We started with Lisa. I had convinced her to get the IHG credit card for a bonus of 70,000 points. A couple of months later, Lisa was sitting on 75,000 IHG points. That was enough for three nights at the Intercontinental Asiana Saigon Residences in Ho Chi Minh City at 25,000 points a night. Ho Chi Minh has a number of nice hotels – from Hyatt, to SPG, to IHG, to Marriott – but the Asiana Residences offered apartment sized rooms with an actual living room and kitchen. That was a no-brainer. I just had to cobble together points for two additional nights. Luckily, the anniversary on my own IHG credit card reset on October 1, granting me another free annual night. Four nights down, one to go. Thanks to IHG’s 10 percent rebate on redemptions and my Chase points, I managed to accrue 20,000 points.
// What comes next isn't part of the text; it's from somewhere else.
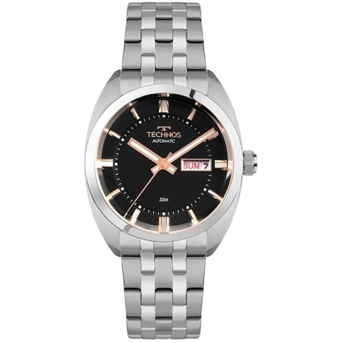 Mecanismo: Automático - Miyota com 21 Jewels - Reserva de marcha de 42h. Gênero: Masculino Visor: Preto Vidro: Cristal Mineral Funções: Calendário day-date, case back transparente Prova d'água: 50m Características: Com caixa e pulseira em aço inoxidável Diâmetro da caixa: 40 mm Garantia: 1 ano pelo fabricante Technos
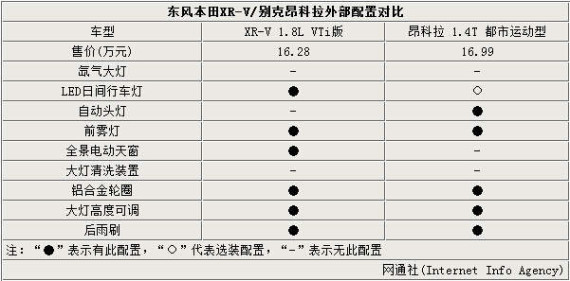 其次在配置方面,笔者将XR-V 1.8L VTi版与昂科拉1.4T都市运动型两款售价相近的车型进行了对比。两车在外部配置比较之下,XR-V略占优势,值得一提的是,XR-V全系标配全景天窗,遮阳板开口长度达到846mm,玻璃开口长度则达到475mm,能带来更加良好的通风效果以及更为宽阔的视野。

That plus $40 gave us our fifth night.

Next up is the coastal city of Da Nang. This was a simple process of elimination. Da Nang has two points hotels: The swanky Intercontinental and the Hyatt Regency. We were fresh out of IHG points so I needed to cobble together three nights’ worth of Hyatt points. My Hyatt credit card give me a free annual night at a category 1 – 4 hotel. That’s one night. I transferred 12,000 Chase ultimate reward points and booked our second night. For our third night, I used 6,000 Hyatt points and $75. Three nights – done.

Our next stay is in the ancient city of Hue. There are no points hotels, but plenty of great, affordable options. You can book a motel for as low as $15, but we splurged on the four-star Eldora Hotel for $70.

Our last hotel stay is in Hanoi. We decided to stay in the ultra-bargain Sheraton (where my SPG credit card will get us access to the lounge!) for 3,000 – 3,500 points a night.

And that’s how we booked 12 nights of hotels for $185. Split between two people, that’s only $92.50 a person!